Gandhi, Martin Luther King … and Regina

by Ali Taghavi

In today’s society, we learn not to express our anger. When we’re angry, we are told to count from 10 to 1 backwards and turn the other cheek…  But does that really stop us from being angry? Does it really take us only 10 seconds to shake that feeling of wanting to retaliate or find another outlet for that angry energy? We seem to have forgotten that some of the greatest people in human history, Gandhi and Martin Luther King, just to mention a few, were at the same time some of the most angry people in history.Anger-chart

Dance Opens Doors is all about using dance as a means to understand and practice different psychological concepts. Before rising to the level of Gandhi and Martin Luther King, we need to understand and practice their method of anger management in our everyday interactions. This is where Regina comes into the picture.

I want to share a conversation/argument that took place after our last Monday class in Heidelberg between Regina and me. Our Monday classes are followed by a couple of hours of social dancing organized by, among others, Regina.

During the party, I was thinking:

What’s this music? I can’t dance to that… hmm, no DJ, and the music is coming from an ipod nano… I guess I can switch to my music [lack of empathy].

So I switched to, what I like to believe, was awesome  music!

Regina [stressed]: Hey, how rude, I spent a lot of time preparing this playlist for tonight [asserting herself].

Ali [realizing my lack of empathy]: I am sorry, you are right, and I should not have changed without asking you. Let me switch back to your playlist.

Solution [Win-Win]: How about we share our ideas about music, perhaps we can play a bit for every taste during the parties in the future.

As we are far from experts in anger management, we reached our win-win solution after about 20 minutes of hefty discussions back and forth.

What are our choices in an “anger” situation?

Let’s stick with the example of Regina and me:

Regina could have simply let me play my music and save her playlist for another occasion.

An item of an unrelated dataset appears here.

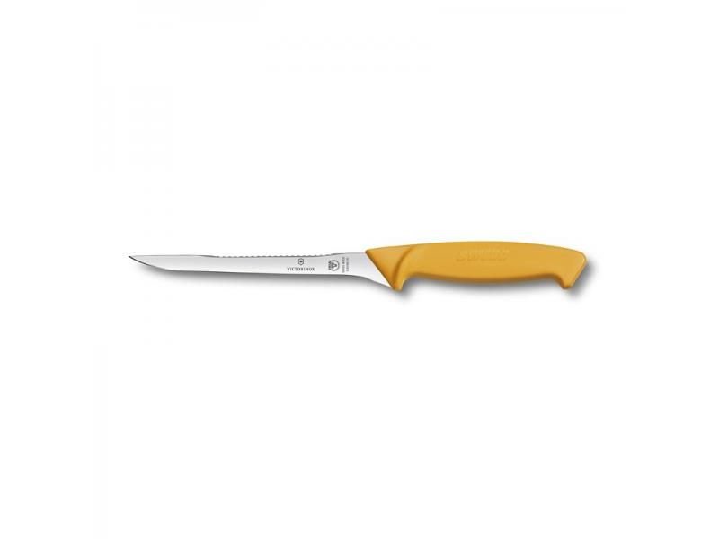 Filetovací nôž na ryby s polypropylénovou rukoväťou a flexibilnou čepeľou dlhou 16 cm. Kuchynský nôž kolekcie Swibo má ergonomicky tvarovanú rukoväť nezameniteľnej žltej farby, ktorá sa mimoriadne ľahko drží a umožňuje jednoduchú manipuláciu. Navyše je vyhotovovaný bez mikropórov a k čepeli pripevňovaný zatavením, vďaka čomu poskytuje optimálnu hygienickú ochranu. Je možné ho sterilizovať až do teploty 120 °C a umývať v umývačke riadu.

What would have been the effect of this choice? Do you remember Isaac Newtons rule: “Energy Cannot Be Created Nor Destroyed”? Anger is a form of stress triggered by negative emotional energy (hurt). This energy has to go somewhere. If Regina had chosen this passive approach and not acted on her anger, the angry energy would have been stored inside her as a feeling of sadness. This sadness can express itself as some form of resentment towards me, or even worse, towards swing dancing.

Fortunately, she made the decision to act and confronted me. Once this decision was made, she again had the choice between two different approaches. We know very well that reacting with aggression can cause even more anger.

Reacting with aggression, Regina would have tried to hurt me, e.g. by talking badly about me [win-lose], or by deciding not to have empathy for me in the future. At several points in our discussion, we were close to going down that road. Fortunately, we both had good presence of mind, and were still able to direct our thoughts towards the win-win approach. As both of us care deeply about our dance scene and friendship, we managed to channel our anger towards the well-being of the dance scene.

If something is not the way you’d like it to be, express yourself and act on it! Keeping it inside will only result in sadness and depression. When you act on it, show empathy for the other person and spend your energy on finding a win-win solution. Perhaps you print out the anger chart and keep it in your wallet to remind yourself about your options when you get stressed by someone.

The anger chart presented in this article was taught to me by Dr. Paul Drobransky in his amazing program called “Mind OS”. You can follow Dr. Paul on his blog: www.doctorpaul.net/blog/

I will continue with more case scenarios next year.

For now, I hope you have a great holiday and a happy New Year!

Regina, thank you for asserting yourself and showing the willingness to find a win-win solution.

Happy Holidays & New Year to everyone!
Looking forward to blog & dance with you in 2010!